PROGRAMA DE CIENCIAS POLITICAS

MATERIA DE SOCIOLOGIA POLITICA

PROFESOR: Dr. JORGE LEÓN TRUJILLO

Convocatoria 2008 – 2010

ADRIAN CORNEJO P.

EL PROBLEMA DE LA CIUDADANÍA Y LAS ESPECIFICIDADES REGIONALES: La


Ciudadanía en el Centro y la Periferia (Diálogos Críticos con T.H. Marshall)
De la bibliografía recomendada desearía abordar una problemática de mucha actualidad, y que es tratada de forma
preferente en los textos. La mayoría de ellos plantean sus reflexiones en un dialogo crítico con el esquema de
desarrollo de la Ciudadanía de T.H. Marshall1 en una línea argumentativa que demanda considerar las
especificidades regionales, lo que se enlaza con nuestro tema de estudio sobre las vías de formación de la
ciudadanía. En este marco he elegido dos textos que me parecen muy representativos de este debate: El primero de
Margarte Somers, que aborda la problemática del lugar que ocupa la esfera pública en la formación de la
ciudadanía, y el artículo de François-Xavier Guerra que estudia la formación histórica de la noción de ciudadano en
América Latina durante el periodo de independencias; en ambos textos parece resonar la misma problemática: en los
desarrollos de T.H. Marshall hay un olvido de las dimensiones del tiempo y lugar, lo que precipita comprensiones
cargadas de normativismo que imposibilitan reconocer no sólo las especificidades latinoamericanas, sino incluso el
propio desarrollo de la ciudadanía europea, además que ambos tienen en la base de sus reflexiones la apelación a
una comprensión histórica de la problemática de la ciudadanía.

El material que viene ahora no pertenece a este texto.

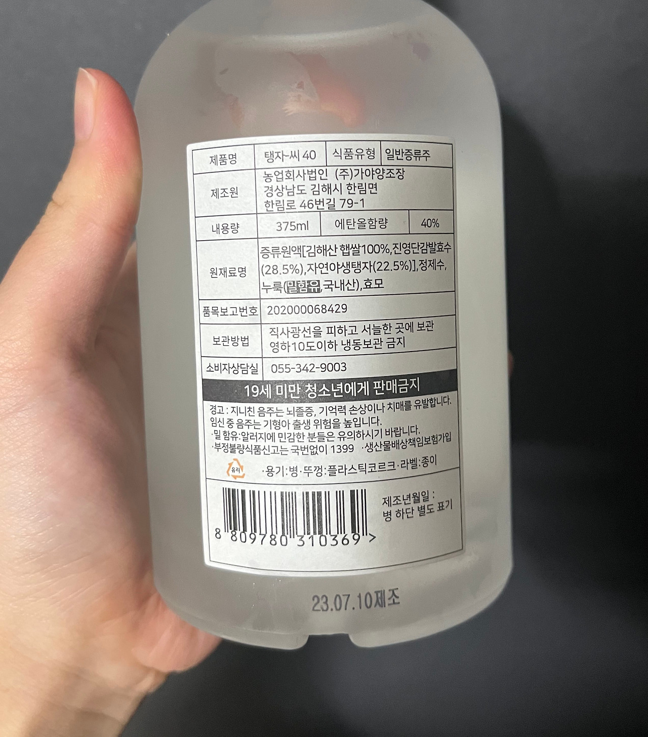 이 탱자를 담은 술의 용량은 375ML, 도수는 40도, 가격은 43,000원. 간단히 계산하자면 750ML에 86,000원이 되는 것이니 어지간한 엔트리급 위스키보다 비싼 값이다. 아무리 최근 전통주의 가격이 올랐다고 하더라도 고개를 끄덕이며 마시기는 어려울 일이다.

I. Exposición Sistemática de las Tesis Principales de los Textos

a. Margaret Somers: la Ciudadanía y el Lugar de la Esfera Pública

La autora emprende en el texto un esfuerzo de replantear críticamente la sociología de la ciudadanía inspirada en los
argumentos de T.H. Marshall, específicamente recurriendo a las siguientes tesis generales: a) La Sociología de la
Ciudadanía inspirada T.H. Marshall cierra sus explicaciones sobre la génesis y desarrollo de la ciudadanía en torno
de la relación binaria Estado / Economía, o, lo que es lo mismo Ciudadanía / Clase Social, lo que impide
comprender los diversos ritmos y especificidades que muestra la historia europea. Propone que una adecuada
comprensión de la ciudadanía se realizaría incorporando a la reflexión, el papel fundamental que cumplen la
sociedad civil y la esfera pública dentro de los marcos regionales, en una relación tríadica Estado – (sociedad
Civil/Esfera Pública) – Mercado. b) La teoría marshalliana, recurre a una comprensión del desarrollo de la
ciudadanía a partir de la tesis que esta corresponde a los intereses y a la agencia específica de una clase social en
ascenso. El lugar de las esferas públicas regionales muestra que las prácticas de ciudadanía no pueden ser reducidas
a las de clase, y que incluso esta perspectiva termina ocultando o proscribiendo del análisis a las diferencias de
género, raza, geográficas, etc. c) Los planteamientos de Marshall se organizan además en torno de otras relaciones
dicotómicas que producen el mismo efecto reduccionista: Nación / Localidad, Modernidad / Tradición, Estatus /
Relación, Universalidad / Particularismos, Comunidad / Ciudadanía. d) Estas limitaciones pueden ser superadas
incorporando una perspectiva que reconozca el impacto de las diferencias de tiempo y espacio en los desarrollos de
la ciudadanía. e) La Historia de Inglaterra (Modelo histórico utilizado por T.H. Marshall) muestra otra dinámica
histórica que a la vez que rebate los planteamientos de la sociología clásica de la ciudadanía provee un marco
alternativo para replantear sus fundamentos y perspectivas.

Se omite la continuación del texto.